When the crawler meets the turtle loading speed, how to save the proxy IP?
Do crawl brothers should have experienced this crazy moments: code running up, the results are stuck in a page that can not finish loading. At this time, if the proxy IP is not powerful, a minute can make people smash the keyboard. Today we do not whole false, directly on the dry goods to say how to use Python + Selenium with proxy IP to play smart waiting.
from selenium import webdriver
from selenium.webdriver.common.proxy import Proxy, ProxyType
ipipgo proxy configuration (remember to change to your own account)
proxy_ip = "123.123.123.123:8888"
proxy = Proxy({
'proxyType': ProxyType.MANUAL,
'httpProxy': proxy_ip,
'sslProxy': proxy_ip
})
options = webdriver.ChromeOptions()
options.add_argument("--proxy-server=http://{}".format(proxy_ip))
A practical guide to the three ways to wait
Don't underestimate these three brothers, use them wrongly and just roll over:
1. the faction waiting for death(time.sleep): simple and rough but easy to overturn, suitable for use with proxy detection. For example, if ipipgo's proxy is in effect, wait for 3 seconds to ensure safety.
2. explicit et cetera(WebDriverWait): It is recommended to use with proxy IP rotation, and cut IP directly after more than 10 seconds.
3. implicit et al.(implicitly_wait): newbies are prone to stepping on potholes, use with caution when the network is unstable!

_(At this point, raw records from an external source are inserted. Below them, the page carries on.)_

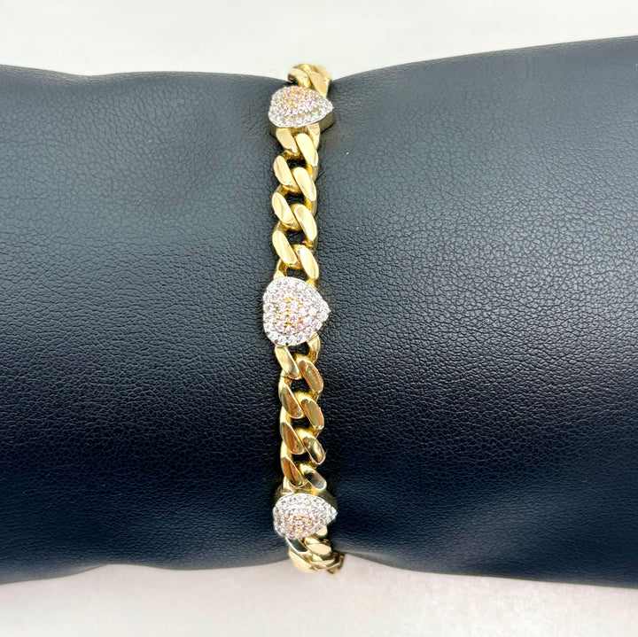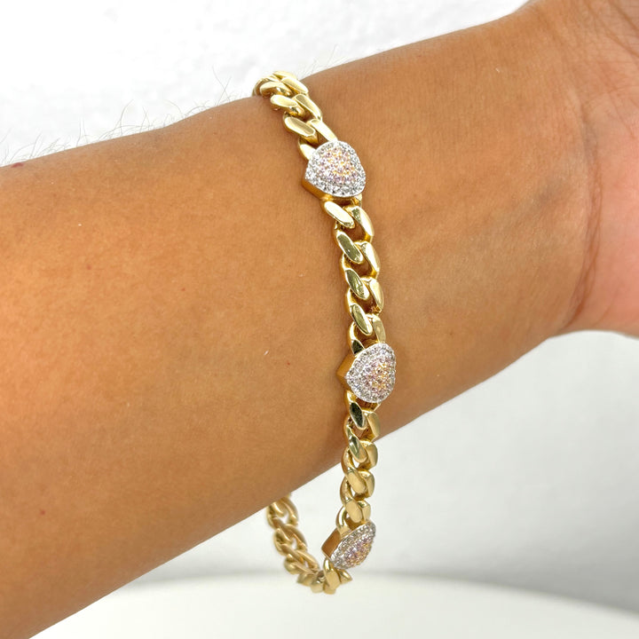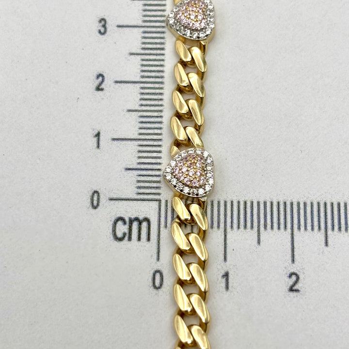 Esta pulsera de oro italiano de 14k, con una longitud de 18 cm y un ancho de 5 mm, destaca por sus delicadas incrustaciones de circonias rosas y blancas. Su diseño con corazones aporta un toque sofisticado y elegante, ideal para quienes buscan una pieza fina que combine brillo y delicadeza en cualquier ocasión.
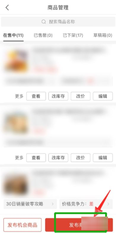 2、接着在商品管理的内容里,选择点击下方的发布商品。
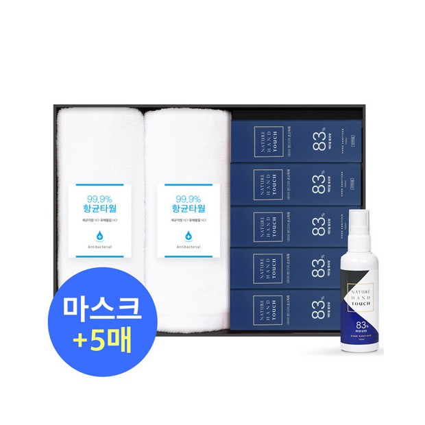 항균타올2P+손소독제100ml 5P + 마스크5P
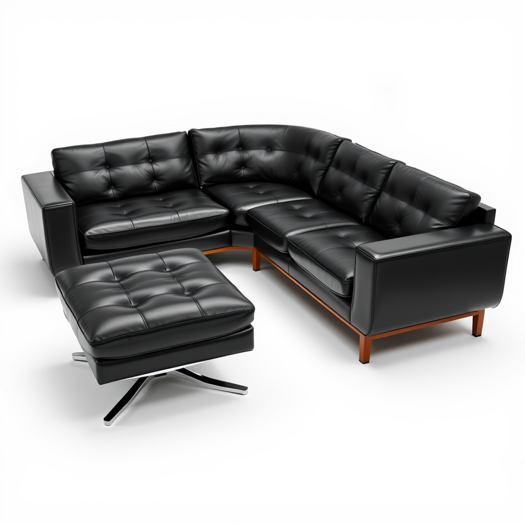 A sleek black leather sectional with matching ottoman on a pristine white backdrop, reminiscent of a portrait by Yi Jaegwan, embracing modernism, featuring 5 elegant features, dimensions h 6 4 0, complemented by rich wood accents, luxury style --q 2 --v 5.
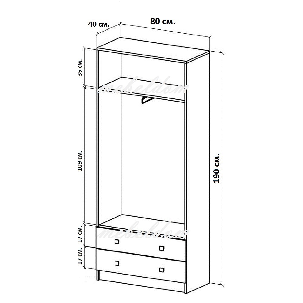 размери: 80 / 40 / височина 190см. (виж схемата)
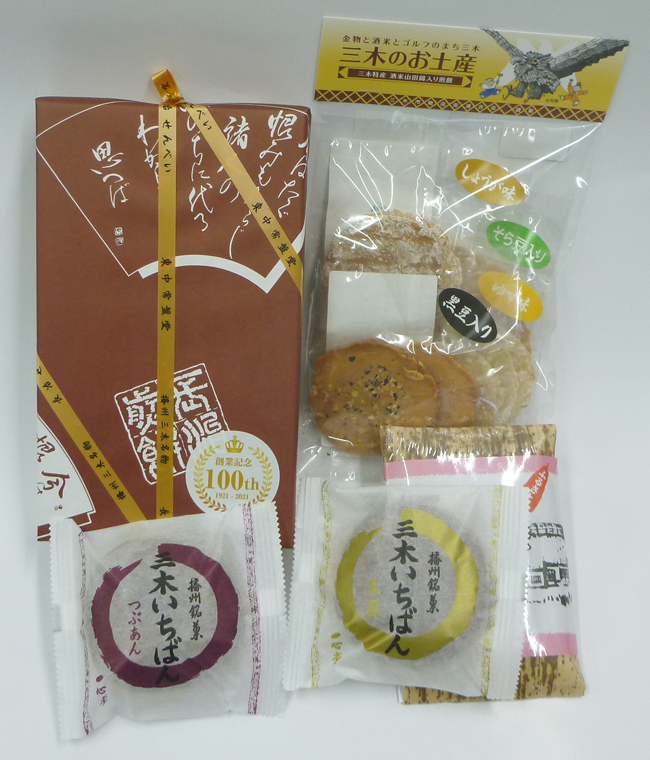 ①長治せんべい ②松茸昆布 ③金物せんべい
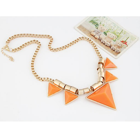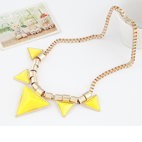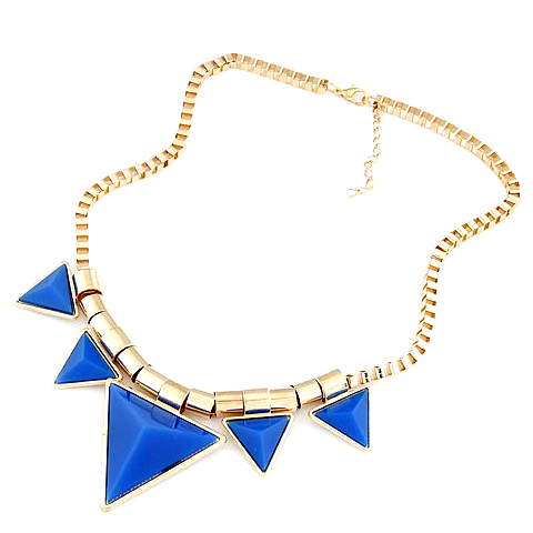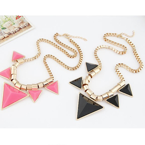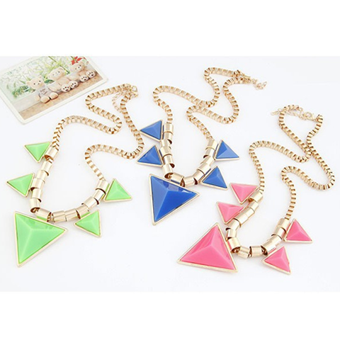 The Bold Triangle Statement Necklace features a striking triangle shape that gives it a certain sense of urban-chic appeal. It comes in a variety of vibrant colors to suit your styling needs, making it a great gift for anyone to admire.
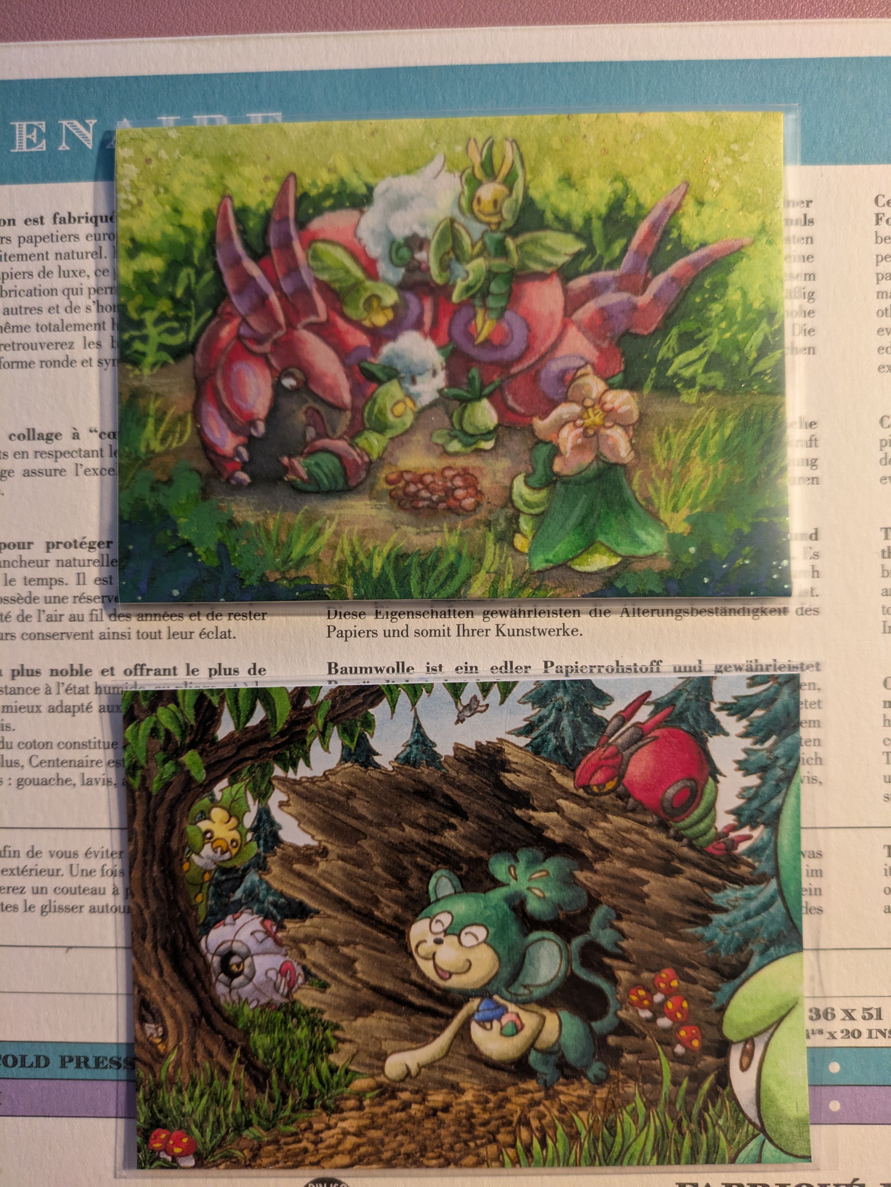 Dem aufmerksamen Betrachter werden eventuell Parallelen zu Nairas Karte auffallen…bin sehr dankbar, dass ich die beiden so nehmen durfte, denn sie ergeben ein geniales Set :D Hier ist Vegimak der Hauptakteur und drumherum sind einige Pokémon, die auf der anderen Karte ebenfalls vertreten sind…allerdings noch nicht voll entwickelt. Wie cool ist bitte die Vorstellung, dass auf dieser Karte die Pokémon als “Kinder” zu sehen sind, während sie auf der anderen “erwachsen” geworden sind
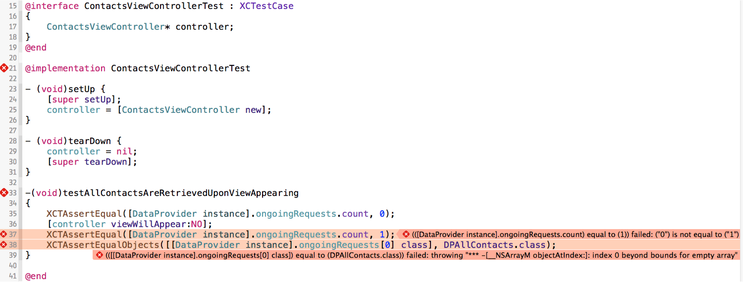 It has only one BOOL property (or properties should it be needed) so that we can check if retrieveAllContacts was called by ContactsViewController. Now, ContactsViewControllerTest looks like:
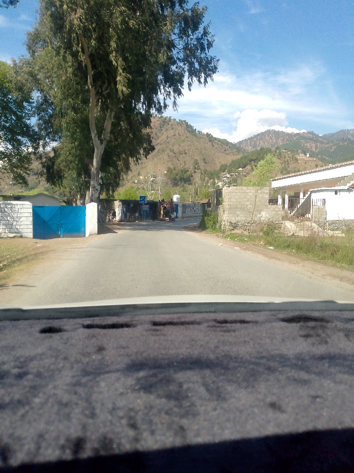 The image depicts a straight asphalt road, viewed from inside a vehicle, in what appears to be a semi-rural area of Janu Mandi, Pakistan, under a clear sky with scattered white clouds. The foreground consists of a dark gray, textured dashboard or vehicle interior. Along the left side of the road, a tall, light-trunked tree with extensive green foliage stands prominently. Beyond the tree, a white brick wall with a large, closed bright blue metal gate is visible. Further down, a cluster of small structures, possibly market stalls or shops, is present. Several individuals are observed in this area, with some appearing to interact or stand near the structures. Parked near these structures are at least two two-wheeled vehicles, possibly motorcycles or auto-rickshaws, and a white cylindrical water tank. A blue and white sign is also visible in this vicinity. On the right side of the road, a low retaining wall constructed from concrete blocks runs parallel to the asphalt. Beyond this wall, patchy dry grass and dirt are present. Further along the road on the right, a white building with a red-tiled roof and an external staircase is visible. The background is dominated by a series of undulating hills, characterized by dry, light brown vegetation and scattered trees. Some isolated structures are discernible on the slopes of these hills.

| Waiting type | Applicable Scenarios | Recommended Duration |
|---|---|---|
| compulsory waiting | Proxy IP Initial Connection | 3-5 seconds |
| explicit wait | Key element loading | In 15 seconds. |
Smart Waiting Black Technology
Ever tried automatically adjusting the wait time when switching proxy IPs? For example, when using ipipgo's Dynamic Residential Proxy, you can play with it that way:
def smart_wait(driver, element_id).
try.
Initially wait 8 seconds
WebDriverWait(driver, 8).until(
EC.presence_of_element_located((By.ID, element_id))
)
except.
Timeout to automatically change ipipgo's IP
driver.proxy = get_new_ipipgo_proxy()
Extend the wait to 15 seconds
WebDriverWait(driver, 15).until(
EC.presence_of_element_located((By.ID, element_id))
)
Common Rollover Scene QA
Q: What should I do if I use a proxy IP to load more slowly?
A: Eighty percent of the IP quality is not good, it is recommended to change ipipgo exclusive proxy. Before a buddy in the e-commerce site to grab data, after changing the ipipgo IP loading speed directly three times faster!
Q: How can I tell if it's a problem with the site's anti-climbing or proxy IP?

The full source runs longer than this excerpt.